Despite another $10.5 billion in releases in 2012, the overall reserve position for the P&C industry is stable and possibly improved since the previous review, according to “2012 Property-Casualty Loss Reserves: Getting Stronger, or has the Industry Discovered Fracking?” from Conning, an investment management company for the global insurance industry.
According to the report, the industry appears to have sufficient reserves, assuming claims settlement patterns will continue apace. The improvement comes despite additional reserve releases in 2012, when the industry released more than $10.5 billion in reserves, based on preliminary data. Also, excluding $1.1 billion in reserve strengthening in the financial and mortgage guaranty lines, the P&C industry released more than $11.6 billion in reserves in covered lines in 2012 from years 2011 and prior, representing more than 2 percent of reserves or 2.7 percent of premium in 2012, Conning said.
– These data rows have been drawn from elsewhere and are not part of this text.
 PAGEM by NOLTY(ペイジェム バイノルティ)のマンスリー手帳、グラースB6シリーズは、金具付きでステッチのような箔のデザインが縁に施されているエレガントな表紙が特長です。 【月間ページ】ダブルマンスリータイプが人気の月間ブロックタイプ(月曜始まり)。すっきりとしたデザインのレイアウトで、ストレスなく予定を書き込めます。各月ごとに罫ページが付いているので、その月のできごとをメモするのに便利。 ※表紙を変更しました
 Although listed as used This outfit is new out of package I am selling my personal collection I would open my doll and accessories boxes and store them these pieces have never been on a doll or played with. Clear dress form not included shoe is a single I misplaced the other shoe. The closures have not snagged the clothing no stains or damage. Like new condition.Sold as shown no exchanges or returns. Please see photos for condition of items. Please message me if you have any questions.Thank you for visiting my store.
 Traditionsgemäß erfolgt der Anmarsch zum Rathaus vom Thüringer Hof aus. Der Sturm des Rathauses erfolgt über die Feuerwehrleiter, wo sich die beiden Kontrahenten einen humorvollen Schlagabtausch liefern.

“The insurance industry appears to have found the ability to extend earnings support from loss reserve releases beyond where we would have expected this part of the reserve cycle to have been tapped out,” said Stephan Christiansen, managing director at Conning. “In that sense, it feels a little like the oil and gas industry’s discovery of fracking. These releases and continued reserve strength appear to be supported by improved margins from increasing premiums and a reduction in incurred losses, under assumptions that claims settlement patterns will continue apace. Of course, claims patterns can change as the economy changes.”
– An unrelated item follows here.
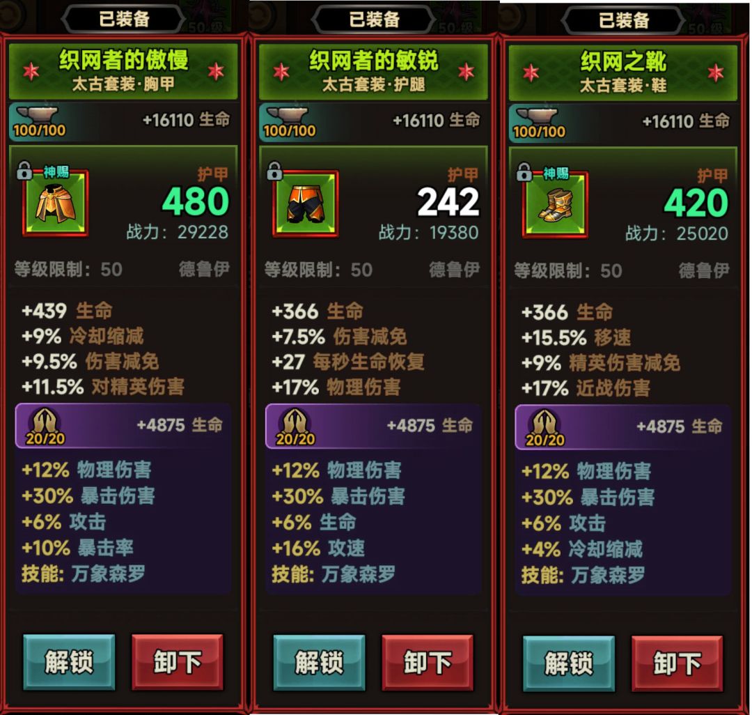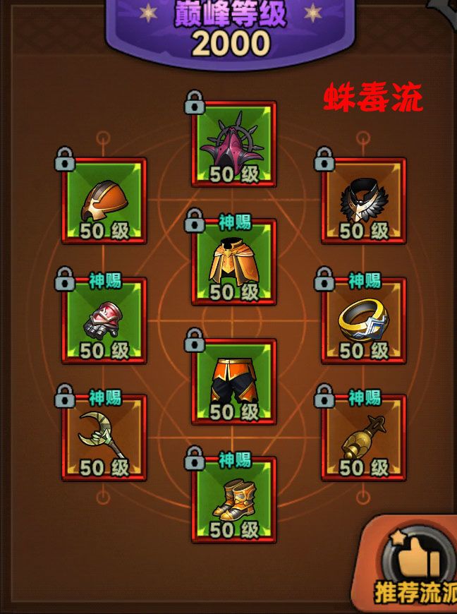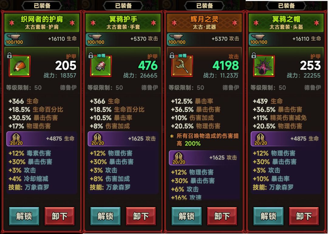 织网者套装4件+冥鸦套装2件随意搭配;甲虫流带神灵之翼(物伤)项链,蛛毒流带劫冥毒符(毒伤)项链;甲虫流近战伤害,蛛毒流远程伤害。

Increasing premiums and a reduction in net incurred losses may account for the modest improvement in reserve strength, Conning said. Net premiums rose because of modest rate-firming and improving economic conditions. Incurred losses for 2012 fell compared to 2011 on a calendar-year and accident-year basis. A portion of the decrease is attributable to lower net-catastrophe losses in 2012, even though direct catastrophe losses were comparable to 2011 after Sandy, Conning said.
“Reserves appear stronger than a year ago, reversing a trend of declining redundancies since 2009,” said Steven Webersen, Conning’s director of research. “With stronger premium growth and continued slow claims development patterns, the industry may be able to sustain this level of releases and not have to reverse direction.”
The report analyzes preliminary 2012 filing data from Schedule P as part of Conning’s ongoing annual review of the balance sheet position of individual lines of business and whole of the P&C industry.